Colonos homens (melancólicos e mansos):

— Malvado o que abusou da inocência do fruto, o encarcerando nos armazéns insaciáveis, o queimando queimando nas caieiras clandestinas da madrugada!

Os Donos (ásperos):

— Tonto é o que fala sem saber as altas leis da História!

Colonas (se abespinhando, a várias vozes amontoadas):

— História! A ignorância do humilde, a esperteza do sábio!

Colonos (irritados, entrando na resposta das mulheres):

— Ainda o último verão não secava os caminhos, e já me interrogavam as manhãs... A fome vem chegando...

Os Donos (muito a gosto):

— Lavamos nossas mãos: eis vossos donos novos! (Com o gesto Imponente aos Comissários): Falai, donos finais!

(Estupor geral da coloniada)

Colonas:

— Mas quem paga! quem paga! quem paga!

— Não posso mais! Não posso mais (ter, ad libitum)

— “O homem não é propriedade do home”!

Os Comissários (querendo acalmar, em uníssono mecânico de quem já sabe de cor o que vai falar):

— Oh fecundos trabalhadores rurais! Vóis sois a fonte de toda a grandeza de nossa querida pátria! Falafalar é prata, mas a paciência é oiro! Ora sulcamos o oceano encapelado duma crise mundial que ameaça subverter a santa ordem das cousas...

Colonas (interrompendo irritadíssimas):

— Quem paga! Quem paga! Quem paga! (ad libitum)

— Fome chegou! (bis, ter, ad libitum)

— Não pode ser! (bis, ter, ad libitum)

Comissários (imperturbáveis):

— ...a paciência é a maior virtude do operário! Os respeitáveis pais-da-pátria já garantiram ufanos que nem bem findo o próximo verão, secador de caminhos, as Câmaras alvorotadas cuidarão do enigmático problema do café! Fé!... Fé!...

Colonos e Colonas (amontoados):

— O ano que vem! (Sempre estas frase poderão ser repetidas ad libitum)

— Dia de São Nunca!

— Não posso mais!

— Quem paga! quem paga! quem paga!

Comissários e Donos:

— Mas senhores fecundos trabalhadores rú...

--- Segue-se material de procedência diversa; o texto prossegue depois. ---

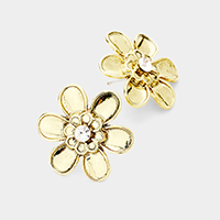 Stitched Faux Leather Layered Metal Floral Dangle Earrings

A Coloniada (em hochetus):

— Isso é conversa...

— ... pra boi dormir!

— Palavras ocas,

— ...ouvidos moucos!

Comissários e Donos (em hochetus):

— Calai-vos, brutos!

— Respeitai os chefes!

Colonas (avançando dois passos):

— Mas tendes fome! tendes fome!

Comissários e Donos (depois de leve hesitação):

— Mas estamos profundamente tristes.

Colonos velhos:

— Tristeza não paga dívida!

Os rapazes (avançando dois passos, feito as Colonas)

— Triste, de barriga cheia!

As moças (caçoando amargas):

— Vou fazer um vestido com a chita tristeza!

As casadas (avançando mais um passo, coléricas):

— Vou dar pra meu filho só leite tristeza!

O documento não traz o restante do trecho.